Maria So büyüdü ve yaşlanıyor. Hükümet, Aoluguya yakınlarında bazı avlanma noktaları açarak avcıların ren geyiğini stoklamak için dağlara dönmesine izin verdi. Maria Suo'nun 300'den fazla geyiği vardır ve Aoluguya'daki en büyük geyik sürüsüdür. Çocuklarından yedisi hastalıktan veya alkolizmden öldü ve bu geyikler onun çocuklarıydı. Pek çok turist, bu "son kadın şef" in zarafetini görmeye hevesle buraya hayranlıkla geliyor. Maria Suo Çince konuşmayı reddetti, nedenini anlamadı, ancak 2003 yılında doğa kanunlarına uygun avlanma mahkemeye gönderildi. Güzel huş ağacı kabuğu kapları mağazalara yerleştirilir ve turistik ürünler haline gelir. Hayvan tendonlarından dikilen tutamlar, kızaklar, şapkalar - bu eski işçilik müze penceresine konularak sembolik bir varoluş haline gelir. Her şey o kadar inanılmaz ki, Maria Soe onların gidişini üzüntü ve suskun bir şaşkınlıkla izledi. Ren geyikleri yosunlarını bulamadı; silah alındı ve Ewenki artık ayının saldırısına karşı koyamadı; bu kaçak avcıların silah sesleri Büyük Khingan Dağları'nda yankılandı ve kurdukları tuzağın yanında ren geyiği kemiği yığınları vardı.

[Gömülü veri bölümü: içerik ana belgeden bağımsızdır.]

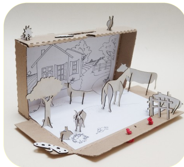
Granja y Hogar
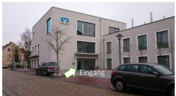
Sicht von München

Internet-Link zum Routenplaner Google Maps: http://t1p.de/link-zu-googlemaps
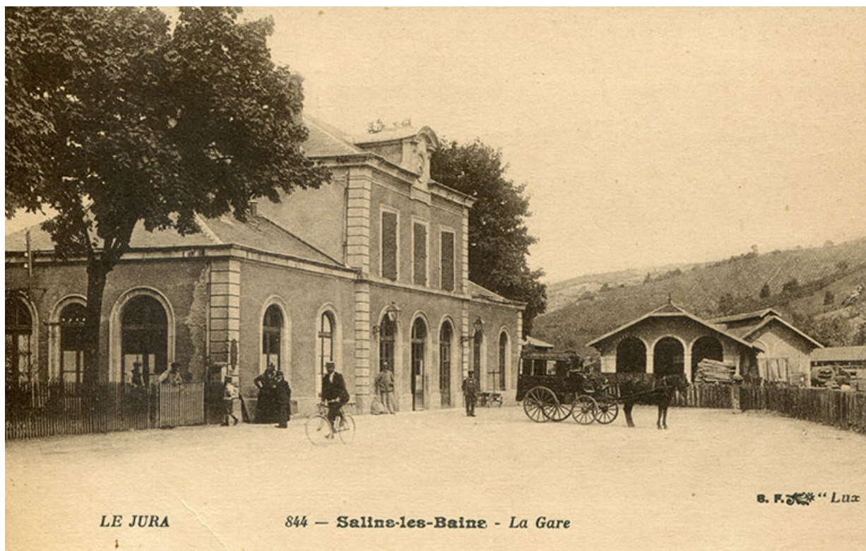
Le Jura - 844. Salins-les-Bains - La gare, s.d. [fin 19e ou début 20e siècle].

39, Salins-les-Bains, 1-3 rue du Docteur Éric Hurter
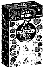
エリエール北海道ティッシュ なまらたっぶり 発売中

本年10月1日（土）以降、新たに4商品が追加されることとなりました！「みらチャレ」のロゴが入った商品をお近くのスーパー、ドラッグストアでお買い求めいただき、北海道の若者の海外挑戦を応援しましょう！
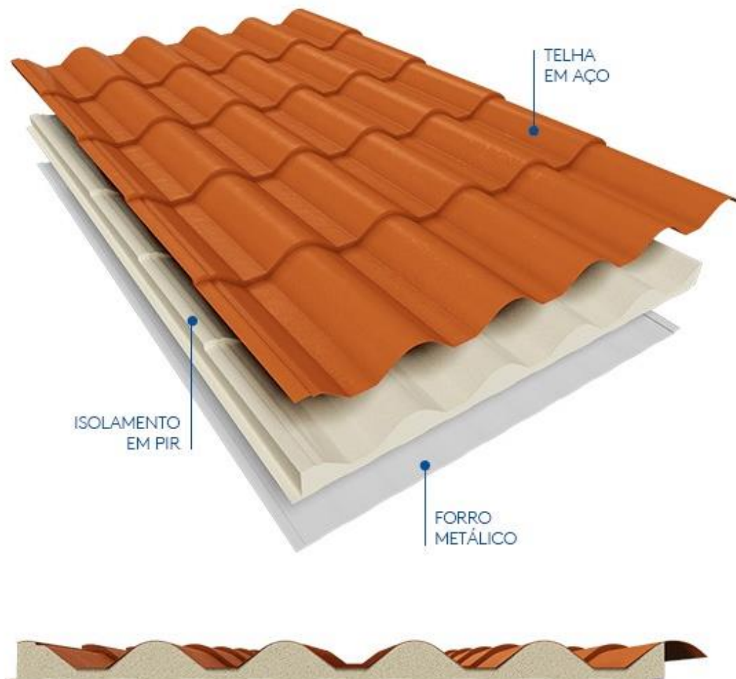
Figura1- telha que será utilizada para na cobertura.
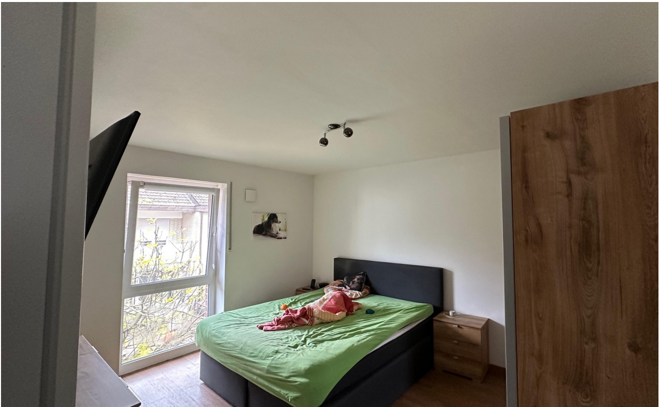
Schlafen von Eingangsbereich z
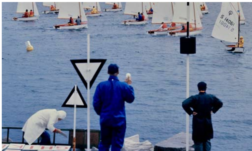
Startskottet har gått. Ingen tjuvstartade.
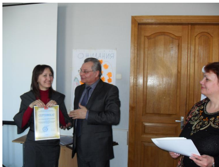
Сертифікація учасників тренінгу
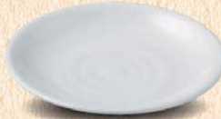
7-345-21 (50255010) ¥530 φ11cm 醤油皿(大) 白グロス φ109×18
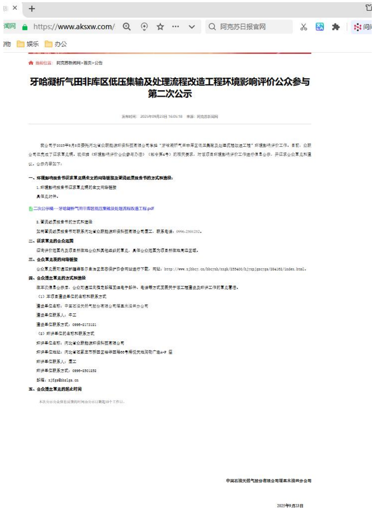
图 3-1 第二次信息公示情况
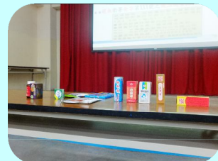
藥師自備各式常見成藥呼籲少用

Bir ren geyiği bana doğru yürüdü, bana merakla baktı, sert boynuzlarla avucumu ovuşturdu ve ıslak burun deliklerinden çok sıcak bir nefes verdi. Kışın soğuk, uzun, kuru ve rüzgarlı Hülünbeir'de, bir hayvanın burnunda ve ağzında beyaz don varsa, insanlar onun hala hayatta olduğunu bilebilir. Aoluguya'nın Ewenki'si Aoluguya, kan renginde bir gün batımı gibi uçsuz bucaksız denizde yüzüyor. Bir şefkatle baktık ama kalplerini bıçakla bıçakladık; küstahça yukarı baktık ve geçinmek için işkence ettiğimiz eski zanaatkarlığı yaptıklarını izledik; avlanmayı, avlanmayı ve yasaklamayı yasaklamalıyız dedik. Ormanları korumak için ağaç kesmek, otlakları korumak için otlatmayı azaltmak, ancak iştahı gidermek için binlerce ton balık tüketen, geyik eti yiyip boynuz satın alan ve boz ayıların pençelerini takas eden, dağları ve nehirleri kimin elinde tuttuğunu unutmak Orman yerle bir edildi ve koyun derisinden botlar giyen biri kuzunun vücudunu girişe gönderdi. Yazılı sözler olmayan bu halklar, tüm ulusun tarihini korumak için her bireyin hafızasına güvenirler.Her insanın akımı, zamanın birikimini ve geçmişin izdüşümünü içerir.Her dönemin hikayesi sıfırdan anlatılmalıdır. Bu hafıza ormanda, hayvanların ve avcıların silahlarında var. Maria Solenin evcil köpeği Heineken, sahibinin onu neden artık avlanmak için dışarı çıkarmadığını hâlâ anlamıyor. Heineken sık sık inatla düzinelerce kilometre tek başına koştu, avlanıp karacayı öldürdü ve ardından sahibini avını almaya götürdü. Heineken'in vücudu sıklıkla kan taşır ve Maria Soo'nun kalbi kanıyor.

Göçebelerin ve avlanan insanların kemiklerinde şok edici bir güç vardır. Hâlâ üzüntü ve yalnızlığı tartışırken, onlar zaten doğa ile nasıl iletişim kuracaklarını öğrenmişlerdir ve onların inançları, hayatın yüce olduğudur. Kar hala, yırtık kaz tüyleri gibi, baharın sonlarında gökyüzünde uçan yapraklar gibi, sonsuz, sonsuz, uçup dönüyor, toplanıyor ve kopuyor. Aoluguya'ya belli bir çocukluk ve insanlık çocukluk fantezisiyle geldim Sulak alanlar ve ormanlar hala derin gölgelerle örtülüyor ama çağımız bu kadar derin kişiliğini kaybetti. İster sevgi ister nostalji olsun, tarihin hızını geri getirmenin hiçbir yolu yoktur.

rüzgar gibi Geçti gitti

· ·

SON ek * * *

Altın Sonbahar Grassland_Travel Notları
önceki
Ağustos ortasında Hulunbuir otlak gezisini yalnızca bulut bilir
Sonraki
Hulunbuir-A Sonbaharda Randevu (10) _Travels
Dokuz Bin Mil, Bulut ve Ay, Hulunbuir Crazy Travel_Travel
Hulunbuir Prairie_Travel Notları
Hulunbuir-A Sonbaharda Randevu (9) _Travels
Arshan_Travel Notları
Size ait mavi gökyüzü ve beyaz bulutlar
Orta -utumn Festivali Alishan Turu
Yaz ortası ışık yılı içinde Arshan-Aershan, ilkbaharın başlarında Daxinganling'in orijinal güzelliğini yaşamak için Arshan'a gidin.
Sonbahar Sonunda Arshan_Travel Notları
Altın Sonbahar Aershan-sadece seninle tanışmak için çok uzakta değil_Travels
Zhangjiajie'de Haziran'da 72 saat_Travel Notlar
Zhangjiajie | Dağlar dağlara benzemez ve sular su gibi değildir.